= Rubina Khalid (qaria) =

Quran reciter of Pakistan (1959 - 2017)

Rubina Khalid (1959 - 23 December 2017) was a Pakistani Quran reciter.

In 1996, she received the Pride of Performance award in Qirat from the President of Pakistan.

==Early life and career==
She was born in 1959, to Chaudhry Khushi Mohammad, who was a 'close associate' of Maulana Zafar Ali Khan. Her father also owned a business called Punjab Press that used to print many newspapers. She did her master's degree in Arabic from the University of the Punjab in 1987. She had memorized the Qura'n and achieved proficiency in Qirat by the time she was nine years old.

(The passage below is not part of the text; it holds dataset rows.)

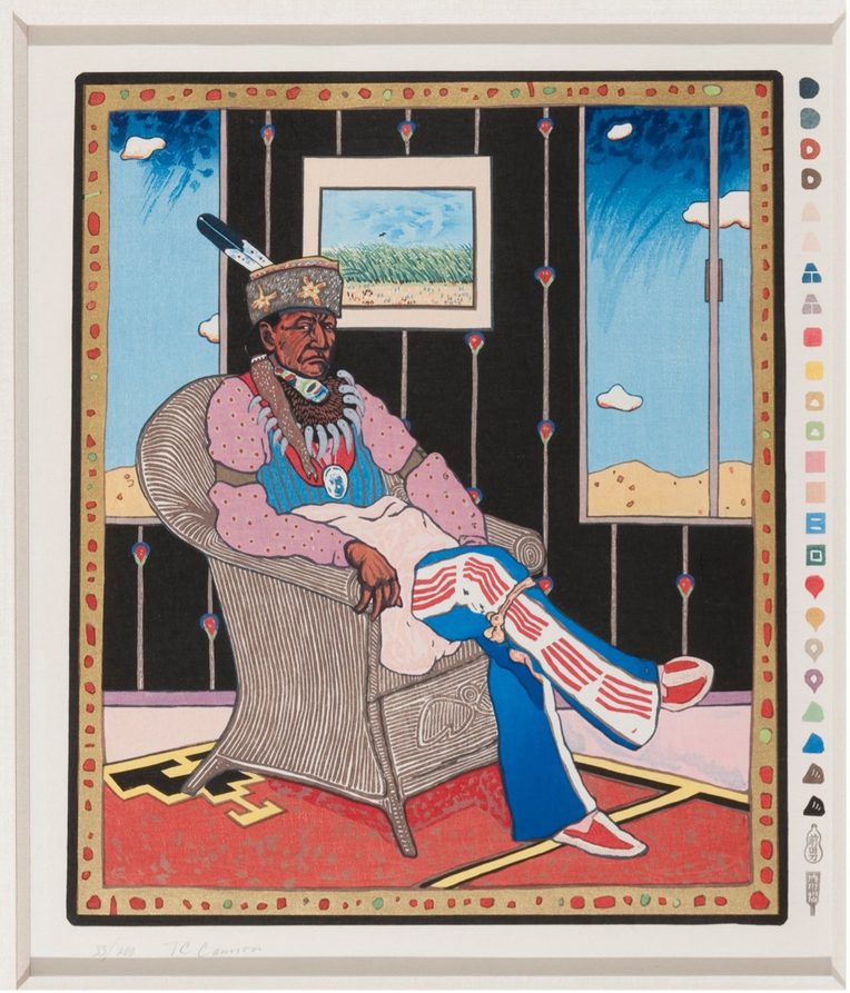 In the desert spaces between quintessence and stereotype grows a flower called authenticity. It is rare. One form of being is encased within other forms. Frames within frames take us from Southwestern mesas outside the window to Van Gogh’s Wheat Fields—another space-time hung from the wall of home. A Pawnee Chief’s feet rest on Navajo weavings. A photograph taken with all the hyperbolic seriousness of Edward Curtis is reclaimed as a Japanese-style woodprint, forged while the artist was in residence at Dartmouth: Vox Clamentis in Deserto.1 The subject of objectification in this settler colonial hall of mirrors becomes a character who accumulates, maybe even treasures. Someone asks: Is this meant to be ironic? The living is in the multitudes.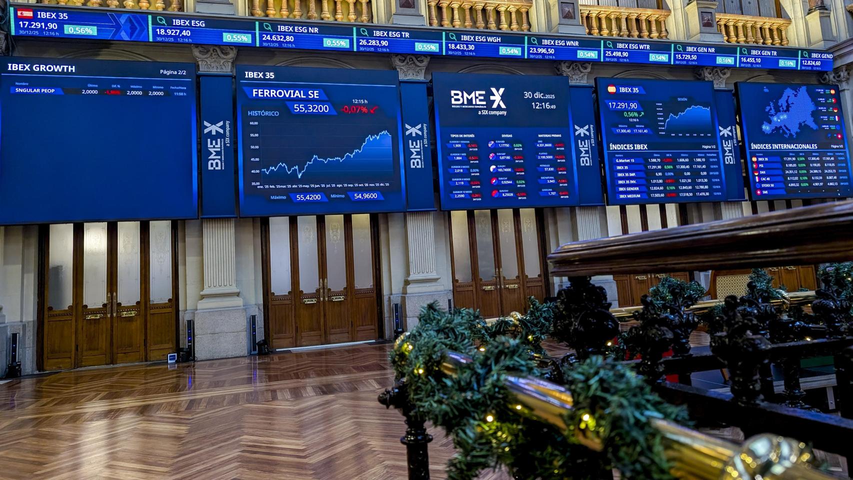 El Ibex 35 sube casi un 50% en el segundo mejor año de su historia y marca máximos por encima de los 17.300 puntos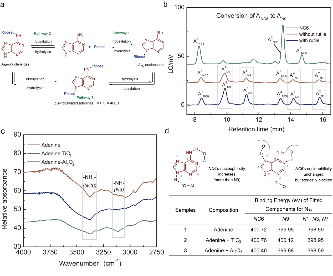 最后,作者研究了该反应可能存在的多种机理(图5a)。在酸和钛矿的作用下,碱基与核糖发生直接糖苷化生成N9核苷(路径1),或NC6产物(路径2),或双核苷化产物(路径3)。经实验证明,早期湿干循环中,N9核苷的产率升高应归因于路径1中酸和钛矿的共同促进作用。但在后期循环中,N9核苷的增长与NC6产物的消耗基本持平,因此作者推断存在路径2,即NC6产物水解后,在钛矿作用下重组生成更稳定的N9核苷。对照实验证明,钛矿对路径2的发生有明显的促进作用(图5b)。而LC-MS和TIC数据证明了双核苷化产物的存在(路径3)。为进一步阐释机理,作者通过红外光谱(图5c)和X射线光电子能谱(图5d),研究了嘌呤、嘌呤二氧化钛混合物、嘌呤氧化铝混合物的光谱特征,分析了钛矿和嘌呤间可能存在的特殊作用,以解释钛矿对N9区域选择性的提升。

Rubina taught as an Assistant Professor of Arabic at Kinnaird College for Women, Lahore and Government Islamia College, Lahore for 37 years. She first started appearing on the PTV in 1971 to recite the Quran. She was married to a college professor Khalid Mahmood Hashmi and had two daughters, Namrah and Arooba.

Qari Abdul Basit 'Abd us-Samad (1927 - 1988) of Egypt, (an international Quran-reciting celebrity) had heard her reciting the Quran at the historic Badshahi Masjid, Lahore, "and affectionately called the 12-year-old Rubina as 'Chhota Basit' (the second Basit)".

==Death==
Rubina Khalid died on 23 December 2017 after a long battle with cancer at the age of 58. She is survived by her husband and their two daughters. She was buried at the Miani Sahib Graveyard in Lahore.